Pangan lokal adalah pangan yang diproduksi dan dikembangkan sesuai dengan potensi
sumber daya wilayah dan budaya setempat. Pangan lokal merupakan yang sudah dikenal,
mudah diperoleh, beragam jenisnya, bukan diimpor dan dapat diusahakan untuk
memenuhi kebutuhan sendiri atau dijual. Setiap daerah memiliki keunggulan pangan
lokal yang berbeda sesuai dengan tingkat produksi dan konsumsi. Saat ini pangan lokal
merupakan komoditi yang penting untuk dikembangkan dengan tujuan meningkatkan
mutu dan citranya termasuk hasil olahannya baik produk jadi atau setengah jadi. Hasil
pengembangan tersebut nantinya akan dapat dihasilkan aneka produk olahan pangan
lokal yang berkualitas. Upaya pengembangan juga diharapkan akan meningkatkan
konsumsi pangan lokal yang beragam dan memenuhi gizi (Badan Bimas Ketahanan
Pangan. 2004. Model Pemberdayaan Masyarakat untuk Mewujudkan Ketahanan Pangan.

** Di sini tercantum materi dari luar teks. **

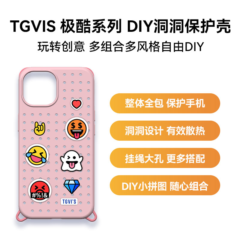 TGVIS iPhone 15系列 极酷系列 DIY洞洞保护壳 粉红 iPhone 15 玩转创意,多风格Pin结合洞洞设计,自由DIY风格,TPU防撞,手感舒适耐磨

Jakarta:Departemen Pertanian).

Sejak terjadinya krisi moneter yang menyebabkan meningkatnya jumlah anak


dengan status gizi kurang akibat kurangnya konsumsi pangan, pangan lokal mulai
digalakkan sebagai bahan pangan yang dapat dimanfaatkan untuk mencukupi kebutuhan
gizi. Pangan lokal yang beragam jenisnya dipakai sebagai bahan dasar pembuatan
makanan untuk mengatasi status gizi kurang. Selain itu kandungan gizi dalam pangan
lokal juga dapat digunakan untuk mengatasi beberapa masalah gizi di Indonesia. Namun
demikian, perlu kita pahami bahwa tidak ada satu bahan pangan yang mampu
menyediakan kandungan gizi dalam jumlah dan jenis yang lengkap. Oleh karena itu,
konsumsi pangan perlu beraneka ragam agar dapat saling menutup kekurangan yang ada
dalam bahan makanan (Muchtadi, T.R dan Sugiyono. 1992. Ilmu Pengetahuan Bahan
Pangan. Bogor. PAU Pangan dan Gizi IPB).